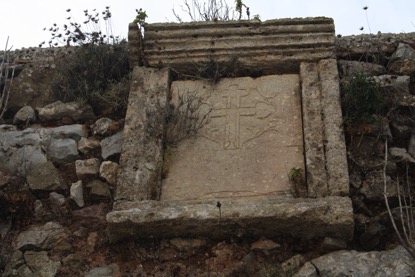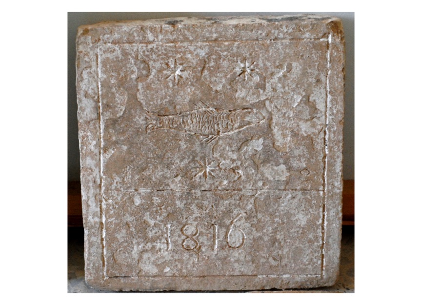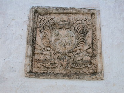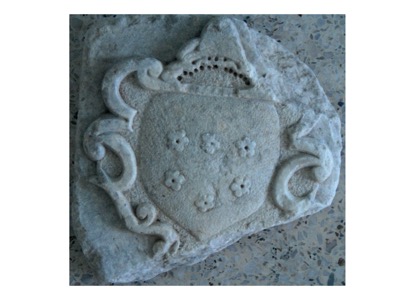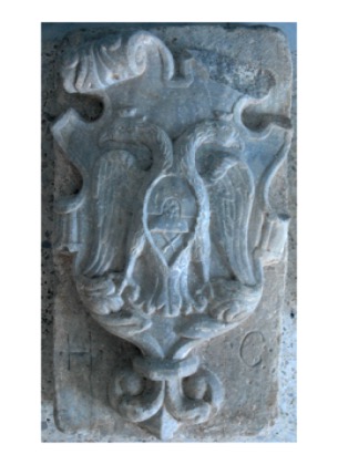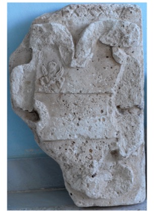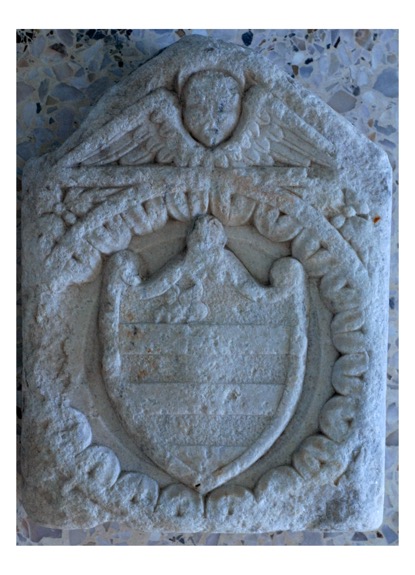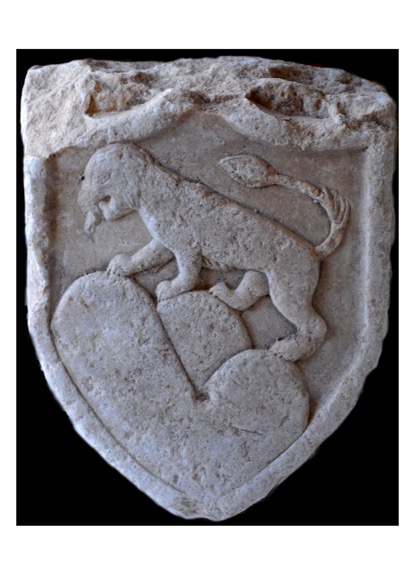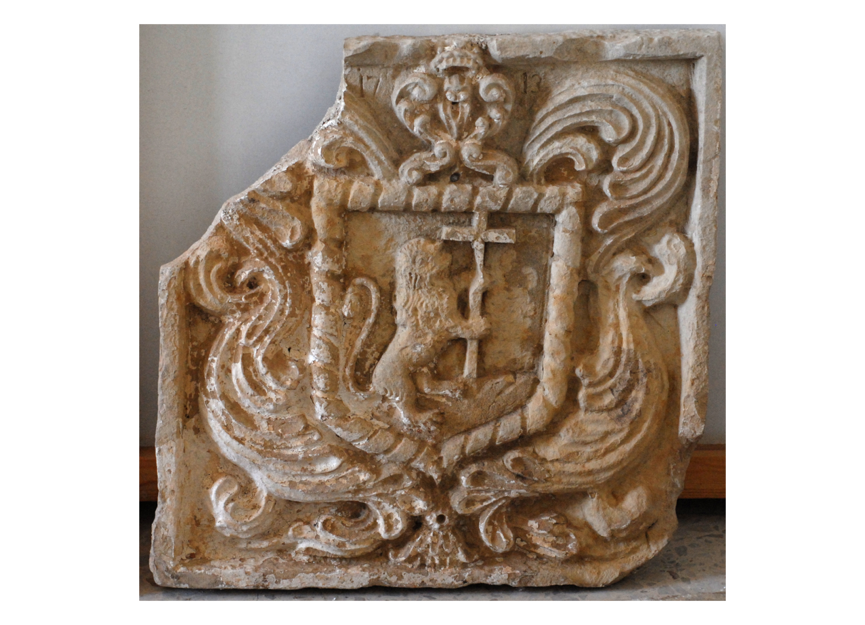 Μαρμάρινο οικόσημο με ανάγλυφη παράσταση λέοντος. Δεν έχει αναγνωρισθεί η οικογένεια στην οποία ανήκει.
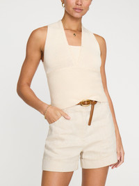- Runs true to size - Slim fitting to body - Halter neckline with self-neck insert for layered effect - Sleeveless - Deep horizontal ribbed hem at the front - Deep rib at back body hem - Side seams overlap front to back body - 100% Mercerized Cotton - Imported - Model is 5'9" and is wearing a size Small Sensuality is at our core and our Ramona Halter Top is the essence of all things feminine. In a beautiful halter neck silhouette that that gently crosses over at the neckline, it features a self-neck insert that creates the illusion of a halter being worn over a bandeau. Special details like deep ribbing accent the hem and lower back body and side seams overlap from the front to the back body adding shape. We love Ramona with our Edda Printed Skirt for a more forward look.
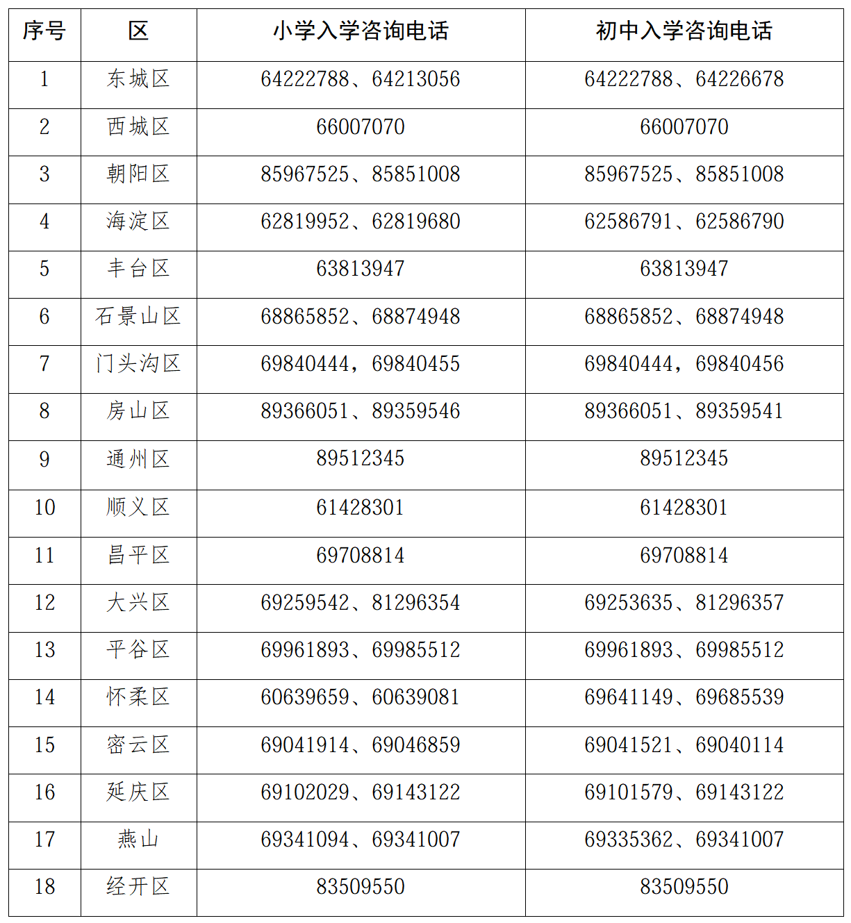 各区义务教育阶段入学工作咨询电话
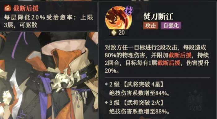 朱然推荐携带破军套朱然的绝技能同时为敌方附加【截断后援】【丧志】等多种减益和控制效果,如搭配甘宁、毒队还能附加【中毒】【免伤降低】【噬浪】【白疫】等多种减益,携带破军套能几率附加【流血】,增加减益数量,变相降低【中毒】【截断后援】等重要减益被驱散的几率。
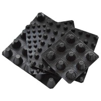 蓄水排水板pvc排水板抗压强度大,它的抗压强度是同等厚度ps卷材的1.5倍,hdpe材料的2.5倍。厚度0.7mmpvc材料h20排水板抗压强度在300kpa以上,而同等厚度ps和hdpe材料抗压强度只有150kpa左右。由于加强筋设计结构一般情况下轿车在上面直行不会压扁任何一个支撑柱。这是其它ps和hdpe材料无法达到的既能粘接又能烫接。由于pvc材料是非晶体结构,采用特种胶水能有效破坏材料表面结构从而使二层膜能有效的溶合在一起,使施工完成后起到防水隔根功能。同时也可用机械烫接。二次防水功能,排水卷材铺设完毕由于采用粘接或烫接形式,从而形成一个新的防水层,即有排水功能又有二次防水功能。疏水板打设时回带长度不得超过500mm。
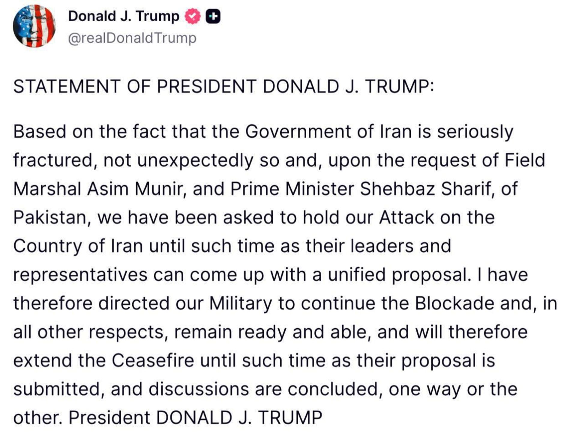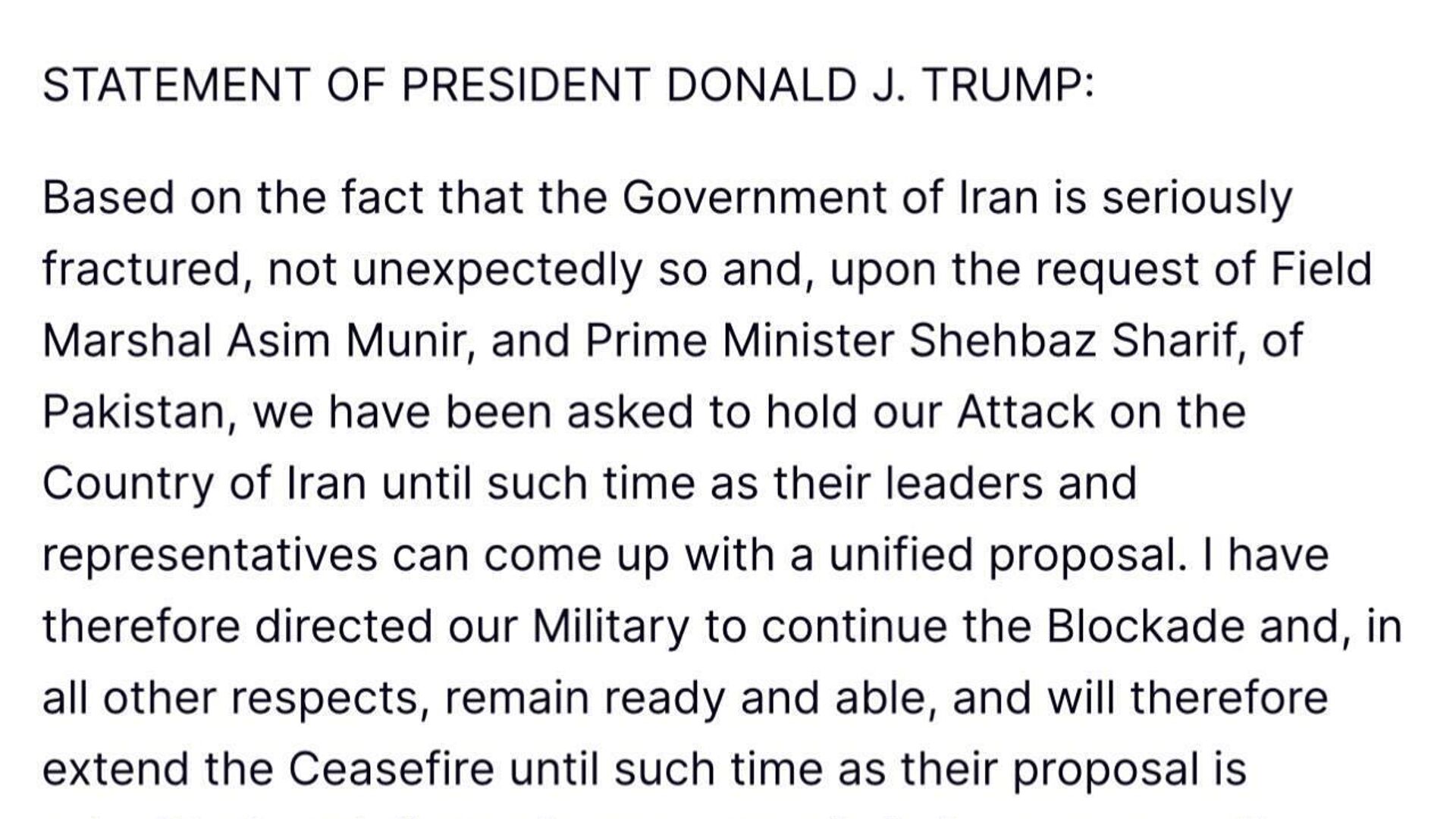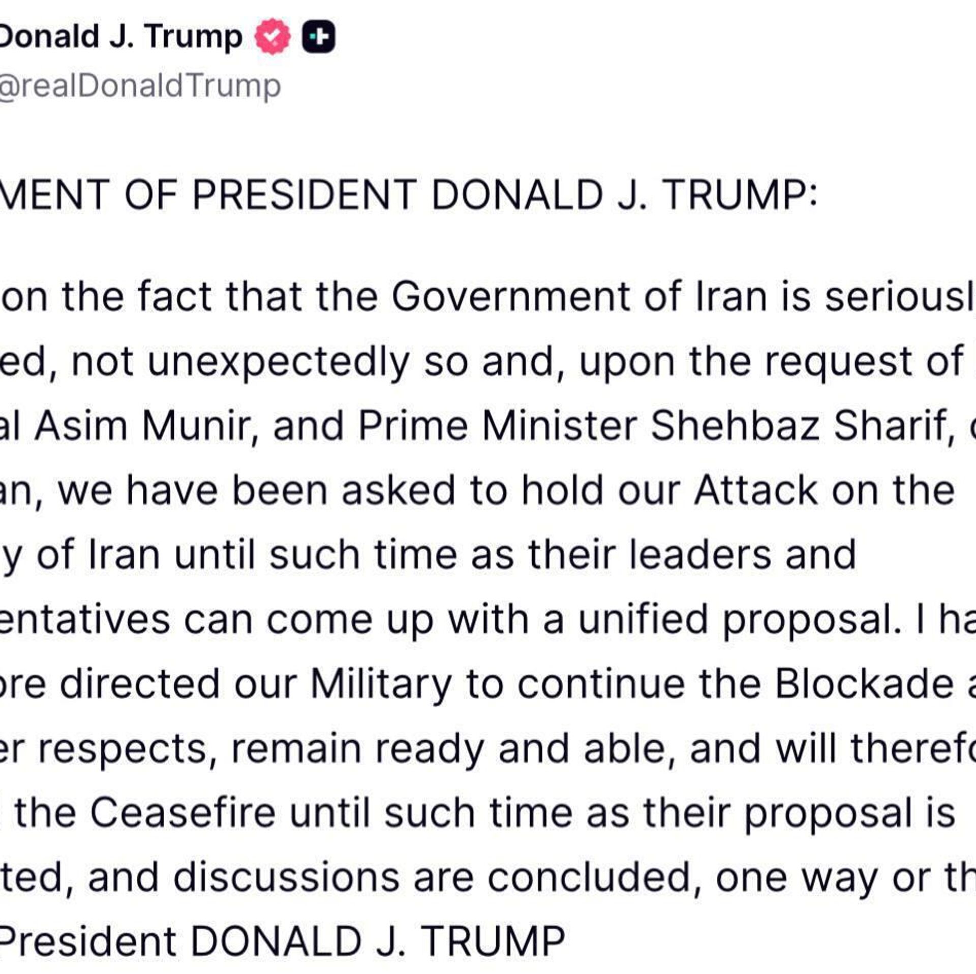 با توجه به اینکه دولت ایران حسابی چنددسته شده که چیز عجیبی هم نیست، و به درخواست فیلد مارشال عاصم منیر و نخستوزیر پاکستان شهباز شریف، از ما خواستن فعلاً حمله به ایران رو نگه داریم تا وقتی که رهبران و نمایندههای ایران بتونن یه پیشنهاد واحد و مشخص بدن.
^^^^^^^^
== Try it ==
Beginning at the first line of the listing, print each line exactly until and including the one that has "朱然推荐携带破军套朱然的绝技"; skip pictures.

== Reply to the exercise ==
 Μαρμάρινο οικόσημο με ανάγλυφη παράσταση λέοντος. Δεν έχει αναγνωρισθεί η οικογένεια στην οποία ανήκει.
- Runs true to size - Slim fitting to body - Halter neckline with self-neck insert for layered effect - Sleeveless - Deep horizontal ribbed hem at the front - Deep rib at back body hem - Side seams overlap front to back body - 100% Mercerized Cotton - Imported - Model is 5'9" and is wearing a size Small Sensuality is at our core and our Ramona Halter Top is the essence of all things feminine. In a beautiful halter neck silhouette that that gently crosses over at the neckline, it features a self-neck insert that creates the illusion of a halter being worn over a bandeau. Special details like deep ribbing accent the hem and lower back body and side seams overlap from the front to the back body adding shape. We love Ramona with our Edda Printed Skirt for a more forward look.
 各区义务教育阶段入学工作咨询电话
 朱然推荐携带破军套朱然的绝技能同时为敌方附加【截断后援】【丧志】等多种减益和控制效果,如搭配甘宁、毒队还能附加【中毒】【免伤降低】【噬浪】【白疫】等多种减益,携带破军套能几率附加【流血】,增加减益数量,变相降低【中毒】【截断后援】等重要减益被驱散的几率。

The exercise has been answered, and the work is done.